Of the details of this local war in Yorkshire we know nothing. Some sort of accommodation was patched up, by three arbitrators named by the Privy Council, for the moment between uncle and nephew; but the grudge rankled, and if ever England should be rent by civil war, it took no prophet to foretell that the two Neville earls would be found in opposite camps.

The old Countess Joan of Westmoreland died in 1440, and left, as was natural, Middleham, Sherif Hoton, and all the other lands of her jointure to her eldest son. Richard of Salisbury thus became a much greater landholder in the North than he already was in the South. His Hampshire and Wiltshire fiefs are for the future the[Pg 27] less important centre of his strength. Sherif Hoton becomes his favourite residence, and it is always as a power in Yorkshire, not in Wessex, that he is mentioned by the chroniclers of the day.

Neither of the Neville earls took any prominent part in the never-ending French War. Ralph of Westmoreland seems to have been wanting both in the appetite for war and the keen eye for the main chance which had hitherto distinguished the lords of Raby. It was his younger brother John who was the fighting man of the older branch of Neville. Earl Richard, on the other hand, was energetic enough, but seems to have preferred to push his fortunes at home, rather than to risk his reputation in the unlucky wars where Somerset and Suffolk and so many more earned ill-fame and unpopularity. We hear of him most often on the Scottish Border, where he seems to have succeeded to the commanding position that had once been held by his father. He was Captain of Berwick, and served as Warden both of the Eastern and Western Marches, till at the end of 1435 he was sent as ambassador extraordinary to Edinburgh. James the First, with whom he had to settle some matters of Border feud, was his own connection, for Salisbury's mother was aunt of Joan Beaufort, the young Queen of Scots. After quitting King James, only a few months before his cruel murder at Perth, Earl Richard went on an embassy of far greater importance, being sent to France, along with his young brother-in-law the Duke of York, to endeavour to patch up some agreement that might end the series of disasters which had commenced with the death of the Duke of Bedford in the previous year. His mission failed, as indeed all missions[Pg 28] were bound to do that made after the treaty of Arras the same demands which the French had refused before it. Nevertheless, on his return, in 1437, Salisbury was made a member of the Privy Council, and took his seat in the body which ever since 1422 had been directing the fortunes of England.

This appointment fixed Salisbury in London for the greater part of the next ten years. We find from the records of the Privy Council that he was almost as regular an attendant at its meetings as was Cardinal Beaufort himself, the practical Prime Minister of the realm.
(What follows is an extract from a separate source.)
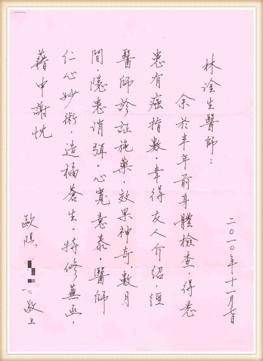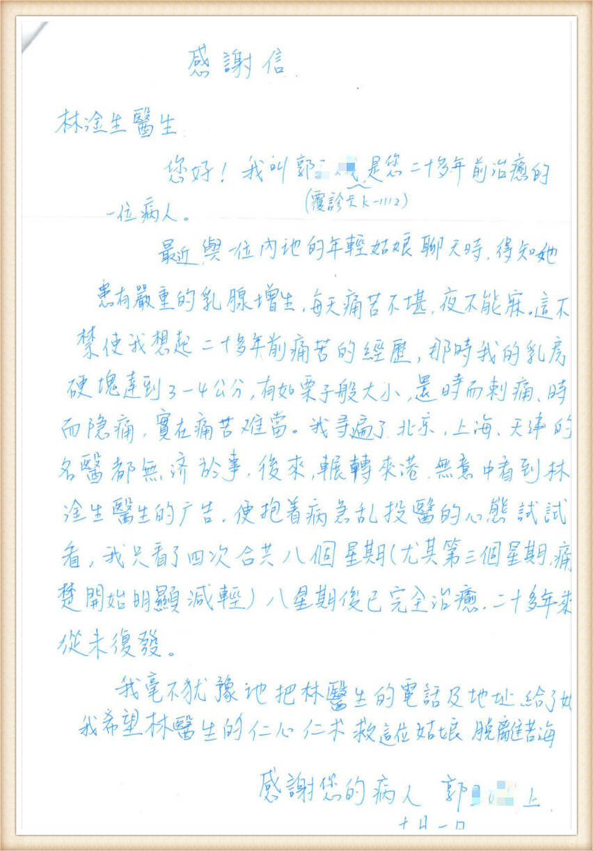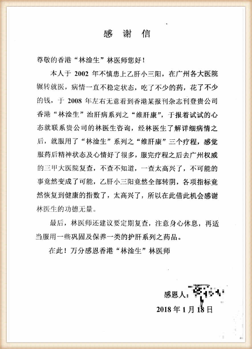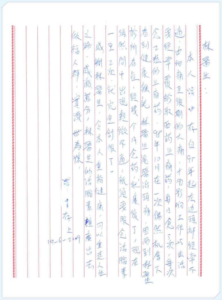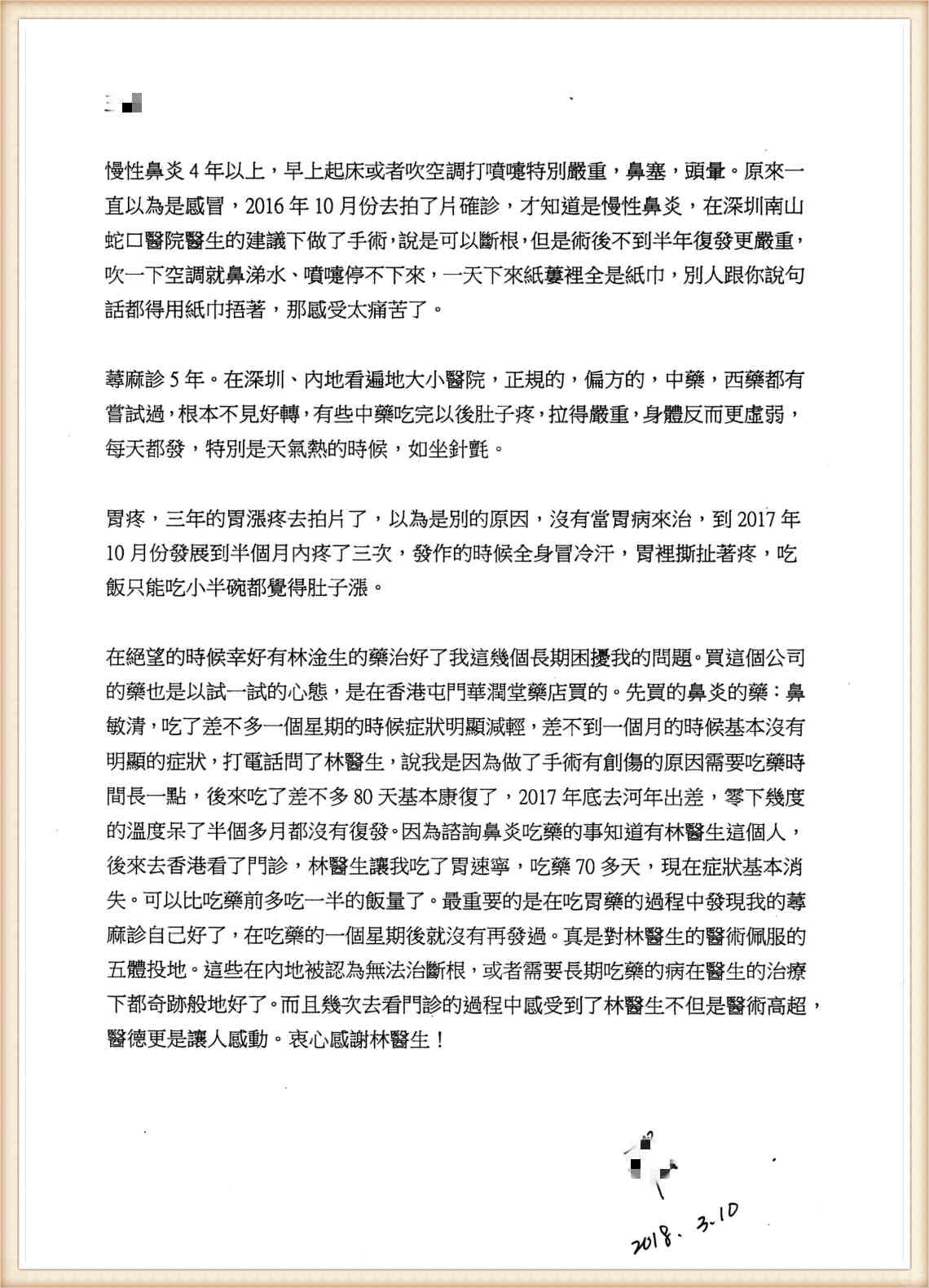 林淦生醫師行醫數十載,治愈無數來自世界各地的病人,當他們康復痊愈之時,無不歡欣鼓舞,且看當中的部分感謝信:

His signature appears at the foot of countless documents, and his activity and appetite for business seem to have been most exemplary. So far as we can judge of his action, he appears to have sided with the great Cardinal, and not with the Opposition which centred round Humphrey Duke of Gloucester; but factions had not fully developed themselves as yet in the Council, and the definite parties which existed a few years later were only just beginning to sketch themselves out.